RAW DATA: Begin

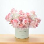 pink hydrangeas - 2 pcs white hydrangeas - 2 pcs experance roses - 9 pcs pink juleta - 5 pcs
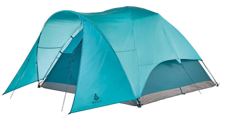 Woods Creekside 3-Season, 6-Person Camping Dome Tent W/ Canopy/Awning, Rain Fly & Carry Bag
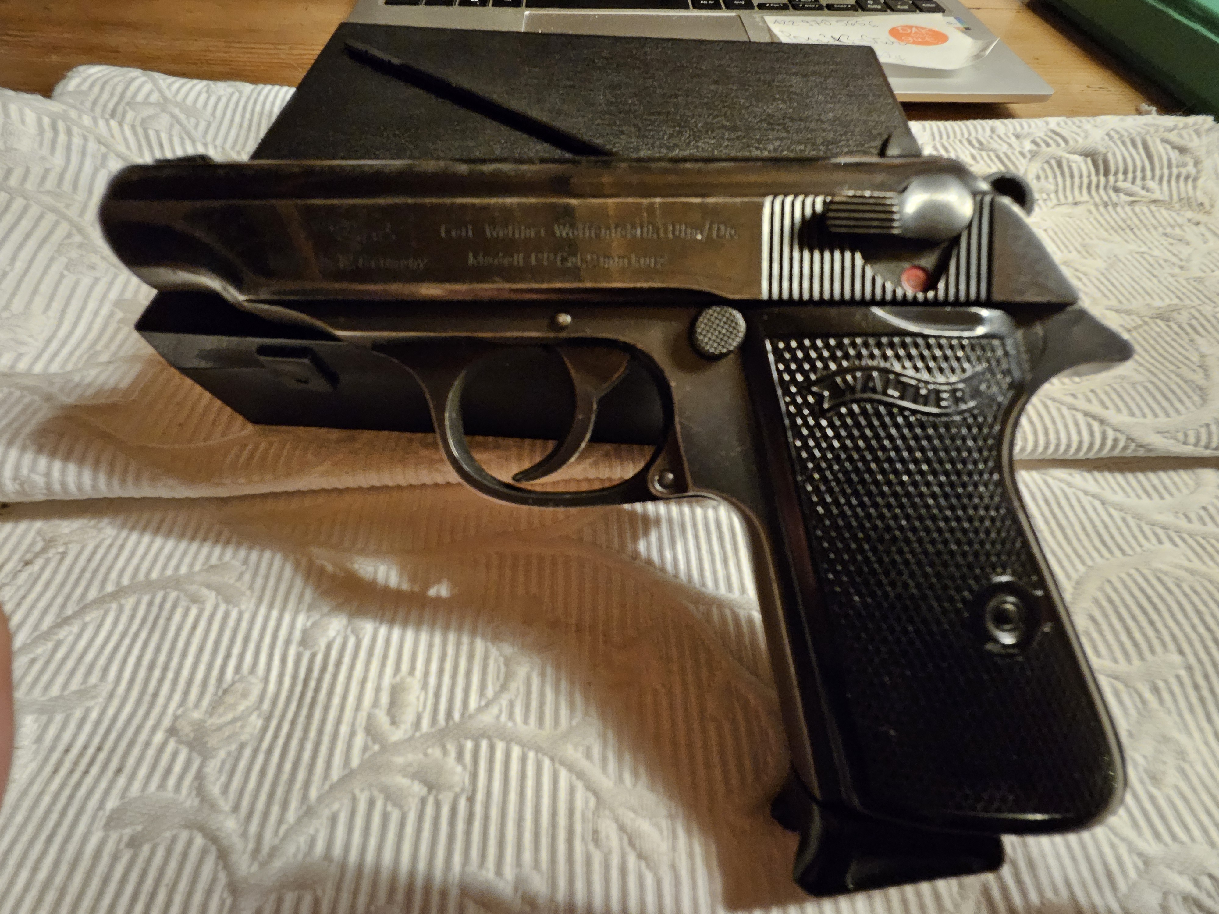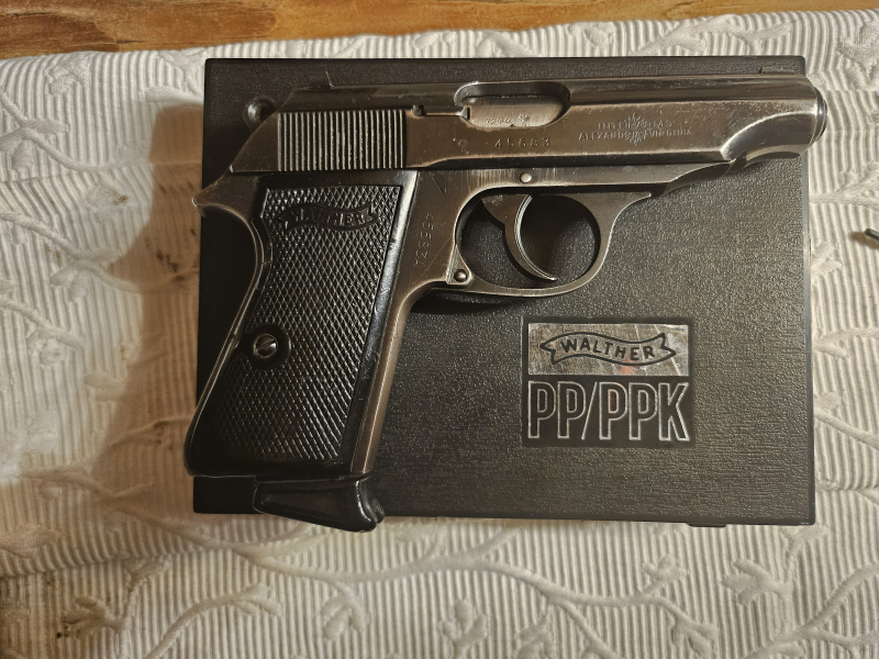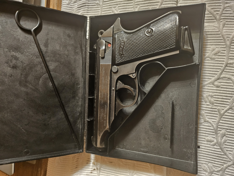 Sammlerwaffe. Walther 9mm kurz von 1972 - nummerngleich, soweit ich erkennen kann. Auf der re. Schlittenseite: Wappen von INTERARMS,ALEXANDRIA - VIRGINIA. Deutscher Beschuss von 1972. Interessante Fangschusswaffe auch für Jäger. Wird in der abgebildeten Box versteigert. Versand außerhalb der BRD nur über lizenzierten Deutschen Waffenhändler.

RAW DATA: End

AIM OF THE TASK
A word-for-word copy of the lines from the one with "Woods Creekside 3-Season, 6-Person" through the final line of the listing above is the whole answer, and it contains no pictures.

EXERCISE OUTPUT
 Woods Creekside 3-Season, 6-Person Camping Dome Tent W/ Canopy/Awning, Rain Fly & Carry Bag
 Sammlerwaffe. Walther 9mm kurz von 1972 - nummerngleich, soweit ich erkennen kann. Auf der re. Schlittenseite: Wappen von INTERARMS,ALEXANDRIA - VIRGINIA. Deutscher Beschuss von 1972. Interessante Fangschusswaffe auch für Jäger. Wird in der abgebildeten Box versteigert. Versand außerhalb der BRD nur über lizenzierten Deutschen Waffenhändler.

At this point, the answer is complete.